Craig told Kluge, "I can't say anything big enough. I'd kiss you all over if I could." The balding, 76-year-old businessman stood up, leaned over, and they kissed.

Kluge gave Craig his lucky quarter - it has heads on both sides. Craig gave Kluge a framed photo of himself posing as a boxer and a hardback copy of the 1991 Guinness Book of World Records with his listing.

"The greatest present is that you are well," Kluge told Craig in a neurosurgeon's office at the UVa medical center.

Kluge wept when asked what the boy's recovery meant to him.

"I've been involved in a lot of things, but being part of a process of helping someone live . . . I thanked God," he said.

Kluge, who donated money to build a children's rehabilitation center for the hospital and paid for Craig's expenses, said he sometimes feels overwhelmed by the requests for help he gets from people with serious illnesses. "It's rather disheartening to get that kind of mail."

Marion Shergold said she thinks Craig was spared to give hope to other seriously ill children.

"I've wondered why God chose Craig for these cards," she said, referring to the campaign that drew the world's, and Kluge's, attention to Craig's plight.

"I never asked for anything," she said. "I thought, why, with all those millions of people all over the world ill, why has God chosen him? This is the answer. To prove they can have a future in this world. This is just wonderful."

Craig, wearing a brightly colored warm-up suit, told jokes about his shaved head and England's royal family and did an impression of former Prime Minister Margaret Thatcher, whose get-well card put him over the million mark.

Craig tires easily. His speech is slow and his left limbs are weak. But neurosurgeon Neal Kassell said he is recovering "far better than anticipated." It will take about six months to determine if Craig's speech and coordination will return to normal.

Craig will leave the hospital next week after nearly a month of physical therapy.

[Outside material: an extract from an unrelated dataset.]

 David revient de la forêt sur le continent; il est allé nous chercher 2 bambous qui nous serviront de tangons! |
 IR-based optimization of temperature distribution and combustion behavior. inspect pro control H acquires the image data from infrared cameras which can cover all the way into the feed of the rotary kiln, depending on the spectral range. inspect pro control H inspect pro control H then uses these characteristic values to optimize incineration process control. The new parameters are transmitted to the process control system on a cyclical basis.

He's optimistic about his recovery and promised to come back in 10 years and thrash Kassell in squash.

Kluge said he hoped he would still be around to watch.

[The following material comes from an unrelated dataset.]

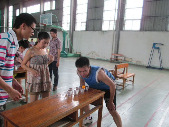 本次趣味运动会以 “友谊第一,比赛第二”的宗旨,以 “娱乐身心,激扬青春“为主题。活动分为两类:活动一是团体记分赛,包括踢足球——羽毛球赛——篮球赛——兵乓球赛——跳绳赛;活动二是团体合作赛,包括两人三足——跳长绳。活动一开始,同学们分组进行、积极配合、争分夺秒、你追我赶,整个球类馆充满了欢声笑语、散满了辛勤汗水。
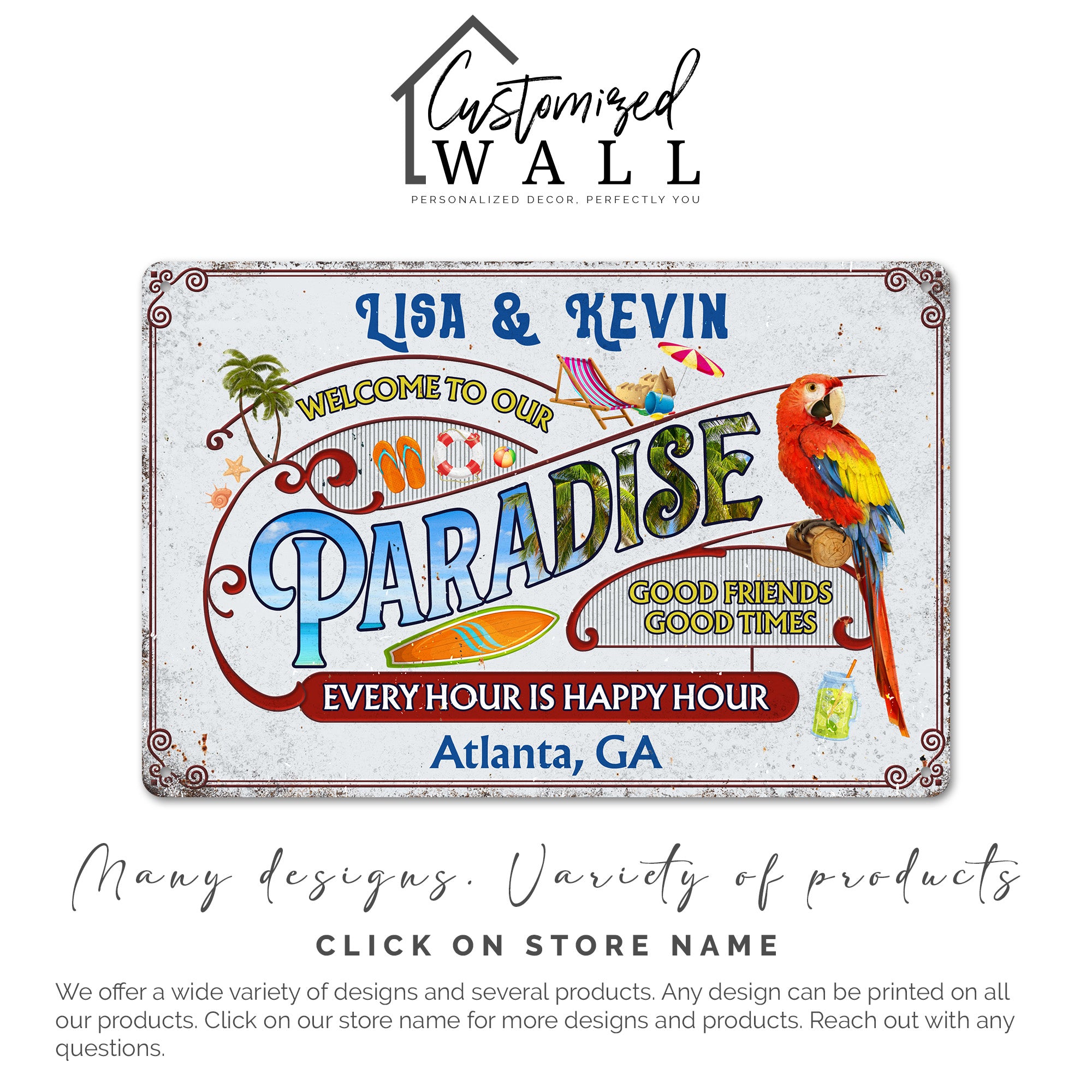 TAGS: personalized sign, tropical decor, metal sign, custom metal sign, paradise sign, gift for mom, gift for dad, gift for couple, home bar decor, outdoor decor, handcrafted sign, Atlanta GA decor, customizable gift, personalized wall art, tropical gift ideas

"You will," Marion Shergold said. "You'll be the umpire."

After Kluge left, Ernie Shergold said, "You know, someone should do a movie about this. It's a right good weepy, isn't it?"

The joys of this month followed "two really rough years" that began when Craig started complaining about earaches, Ernie Shergold said.

The growing tumor was compressing the brain stem to the thickness of a ribbon, Kassell said, gradually hampering the boy's speech and coordination.

Shergold said it got to the point when even the sound of turning pages hurt Craig's ears. "He was in a padded room."

After exploratory surgery in London, Craig could hardly see and the doctors told the parents to take him home and let him rest and die in peace, Marion Shergold said.

Then, his luck started to turn. Kluge called it destiny.

A doctor trying to cheer Craig up noticed the display of get-well cards in the room and mentioned that it would be something if he could "get into the book of world records," Craig's mother said.

The local media picked up on the idea and the campaign snowballed. Within a week he had 100,000 and within months he broke the old record of 16,250,659. At 33 million, campaign organizers stopped counting the cards, which are stored in warehouses in Atlanta and London, and began recycling them to hospitals. They're still coming in at 20,000 a week.

Last fall, when the count was about 22 million, Kluge said a couple of his friends asked him to send Craig a card.

He sent one, which Craig said he cherishes even more than those from celebrities such as Michael Jackson and Arnold Schwarzenegger and heads of state such as George Bush and Thatcher.

Kluge also asked Kassell, a longtime friend, to see if he could help.

Kassell said it was Kluge's intuition that gave Craig a chance. "He had a sense that, with all this media hype that goes along with 22 million cards, perhaps something could be done medically. And he was right."